Stability Improvement and Performance Reproducibility Enhancement of Perovskite Solar Cells Following (FA/MA/Cs)PbI3–xBrx/(CH3)3SPbI3 Dimensionality Engineering

Mixed halide hybrid perovskites are strong candidates for fabrication of efficient, stable and reproducible perovskite solar cells (PSCs). To restrain intrinsic volatility and ionic migration effects, we report for the first time a dimensionality engineering approach consisting of a (FA/MA/Cs)PbI3–xBrx/(CH3)3SPbI3(3D/1D) perovskite bilayer architecture, fabricated exclusively with solution processes.
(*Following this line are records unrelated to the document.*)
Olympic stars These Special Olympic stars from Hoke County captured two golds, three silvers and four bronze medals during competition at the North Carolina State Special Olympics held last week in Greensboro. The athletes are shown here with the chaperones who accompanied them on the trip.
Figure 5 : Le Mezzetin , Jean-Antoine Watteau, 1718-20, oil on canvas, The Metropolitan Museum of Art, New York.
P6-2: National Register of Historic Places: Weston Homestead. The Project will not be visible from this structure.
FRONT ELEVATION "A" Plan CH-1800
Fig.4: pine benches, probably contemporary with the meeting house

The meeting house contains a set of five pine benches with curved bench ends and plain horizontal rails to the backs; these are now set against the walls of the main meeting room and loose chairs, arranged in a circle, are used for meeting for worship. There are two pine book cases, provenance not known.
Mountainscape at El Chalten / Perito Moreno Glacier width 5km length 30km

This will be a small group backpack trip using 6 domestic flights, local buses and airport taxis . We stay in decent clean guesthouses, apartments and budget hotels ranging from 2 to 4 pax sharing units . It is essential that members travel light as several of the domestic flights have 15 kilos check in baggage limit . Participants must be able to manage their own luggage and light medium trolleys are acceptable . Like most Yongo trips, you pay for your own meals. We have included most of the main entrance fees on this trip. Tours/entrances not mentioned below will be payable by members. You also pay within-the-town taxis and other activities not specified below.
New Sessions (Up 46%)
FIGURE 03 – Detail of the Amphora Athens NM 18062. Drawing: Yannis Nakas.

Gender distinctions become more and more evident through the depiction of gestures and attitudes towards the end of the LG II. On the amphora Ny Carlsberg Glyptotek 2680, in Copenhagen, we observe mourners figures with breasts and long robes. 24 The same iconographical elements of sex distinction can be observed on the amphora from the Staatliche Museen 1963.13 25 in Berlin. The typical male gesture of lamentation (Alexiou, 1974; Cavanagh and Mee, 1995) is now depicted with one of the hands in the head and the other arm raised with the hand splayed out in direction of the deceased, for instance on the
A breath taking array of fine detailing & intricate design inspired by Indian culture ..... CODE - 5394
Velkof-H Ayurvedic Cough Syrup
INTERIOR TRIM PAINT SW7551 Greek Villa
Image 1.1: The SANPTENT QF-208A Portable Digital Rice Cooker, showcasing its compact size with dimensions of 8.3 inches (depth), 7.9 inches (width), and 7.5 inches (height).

XRPD analysis showed no degradation of the 3D/1D composite structure after more than one month of exposure in ambient conditions, in contrast to the reference 3D samples (sole (FA/MA/Cs)PbI3–xBrx) which gradually decomposed to PbI2. The 3D/1D bilayer structure further optimizes the corresponding absorber/hole transporting layer (HTL) interface of the PSCs, since the (FA/MA/Cs)PbI3–xBrx perovskite layer acts as the primary absorber and the (CH3)3SPbI3 top layer plays the role of a barrier against ionic migration/charge carrier recombination. The latter leads to a significant stability improvement for nonsealed devices both under ambient conditions and light stress, underscoring the potential of interface engineering for developing highly efficient and stable PSCs based on functional 3D/1D perovskite bilayers.